I could kill him now, she realised. Kill him with a thought. Burn him away and watch his body fall to ashes and bones. She only had to let the flame go free. The power was there, waiting for her.

She bit his hand. The tendons squished against her teeth. He pulled away, grunting, took one step back, swung and deliberately struck her across the cheek. She fell. Her father had never once hit her. Her vision blurred, and she lay gasping on the cold, cold stone. Calm now, he walked around her to get a better angle, then kicked. She curled up, unable to breathe. The heat of the flame became confused and fractured into pieces. A golden coin lay on the floor in front of her eyes. It sparked and a whisp of smoke rose from it. The air above it blurred.

She could kill him, but she would not.

He walked around her again, quite calm now.

"The wolves and the bears and the little, little children."

He took aim once more and kicked her in the back. The pain was extraordinary. It travelled through her body like a hot knife in her stomach.

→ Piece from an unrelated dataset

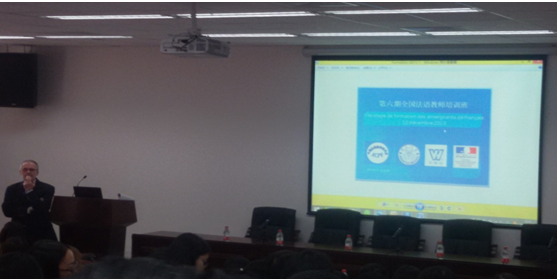 会议以“从传统到多元”为主要议题展开培训与研讨,会议涉及法语专业教学法、法语演讲比赛、全国法语教师培训班等内容。大会邀请了上海外国语大学校长曹德明教授、比利时列日大学马克德菲教授、广东外语外贸大学徐真华教授、复旦大学蔡鑫教授等人为青年教师进行讲座培训。讲座涉及法语教师在当今世界所遇到的新形势和新挑战、戏剧在法语对外教学中的作用、法语的规范与变化、蔡氏教学法及展示等精彩内容,报告使来自全国高校的近百名法语青年教师受益匪浅。

"I will not. I will not kill you," she growled through gritted teeth. "You are my father. I will not."

The flame snarled inside of her, hunting for a way to be free. The turning of the flame that burns forever in the heart of Erinthor.

It pressed against the barricades. It roared and raged. The bracelet glowed and burned on her arm, and the pain was golden bright.

The coin melted into a puddle of liquid metal and flowed away through the cracks in the stone floor. A pillar split open along its length, and pieces of marble were tossed across the floor like a handful of sand.

"I will not kill you," she whispered. "I will not do it."

A tapestry burst into flames. It fell, curling, castles and armies and kings all tumbling into ruin. She did not hear it. The flame sucked the sound from the room. Everything became incredibly clear. And there was the soft velvet sound of her father drawing his sword.

"Daddy," she whispered. "Please don't."

There was a soft thud, and her father fell next to her.

Through a confusion of smoke and heat and tumbling ashes, she saw a figure, the shadow of a figure. The Darkling gripping an ugly chunk of bone. Her father lay crumpled at his feet, a line of blood across his temple.

“Get away from him!” She screamed with everything she had, though her voice was weak in her ears, and the fists she made trembled like new-hatched doves in the nest. “You leave him alone!”

The flame still churned within her. In one desperate burst, she drew all the power that filled her and focussed it on one spot. The air rippled with heat. The stones burned, broke, and became liquid.

But the darkling was too quick. It fell into a pool of shadow and flickered away across the room, flowing through the cracks, and when the fire had passed, and she fell, hardly breathing onto the warm stones, the darkling had fled away.